Alla luce degli interventi che si sono sviluppati durante il mese di agosto su temi come l’occupazione, le relazioni industriali, il precariato, vorrei proporre alcune considerazioni, anche partendo da spunti di riflessione offerti dagli articoli dell’economista Michele Boldrin, sul Fatto Quotidiano.
E’ incontestabile che senza nuovi investimenti da parte delle imprese, in particolare le piccole e medie, che sono l’ossatura fondamentale della nostra economia, non si crea nuova occupazione. Perché esse investano devono sussistere adeguate condizioni economiche di contesto e di relazioni industriali, tali da garantire il ritorno dell’investimento ed un profitto simile a quello dei concorrenti, che non sono solo italiani ma globali.
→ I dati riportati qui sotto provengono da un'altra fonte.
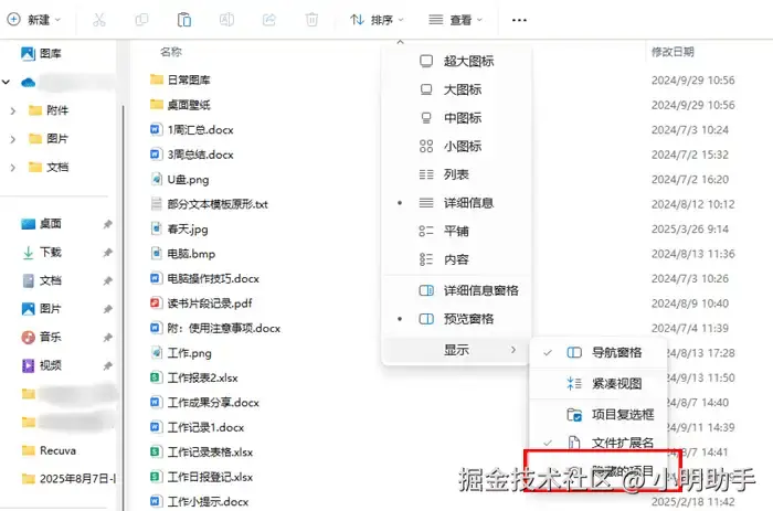 恢复电脑剪切文件方法5:检查文件是否被隐藏

Per uscire da questa crisi sono necessari cambiamenti strutturali. Ciò vale per la politica, l’imprenditoria e il sindacato. Berlusconi e Tremonti invece hanno continuato a dire che l’economia andava meglio di quella degli altri Paesi, parte dell’imprenditoria pensa di poter sfruttare l’occasione per tornare ai “padroni delle ferriere”, una parte del sindacato ritiene che tutto sia intoccabile ed immodificabile nei rapporti di lavoro.
A causa della crisi i patrimoni valgono meno, ma il pessimismo delle famiglie sul reddito futuro le induce a ridurre i consumi. Altro dato inconfutabile è che la crisi ha spostato l’ombelico economico del mondo dall’area Occidentale (Usa e Eu) a quella Orientale (Cina e India), con l’ingresso nel mercato (anche del lavoro) di 3 miliardi d'indo-cinesi produttivi e poco costosi.
L’ulteriore conseguenza è la distruzione di aziende e posti di lavoro, specialmente a medio-basso valore aggiunto, legata a beni e servizi che non saranno più prodotti dalla nostra industria, poiché Cina e Far East saranno sempre più “la fabbrica del mondo”. Gli imprenditori, quindi, dovranno trovare altre “idee imprenditoriali” innovative: migliaia di lavoratori, di converso, dovranno cambiare o apprendere un nuovo lavoro.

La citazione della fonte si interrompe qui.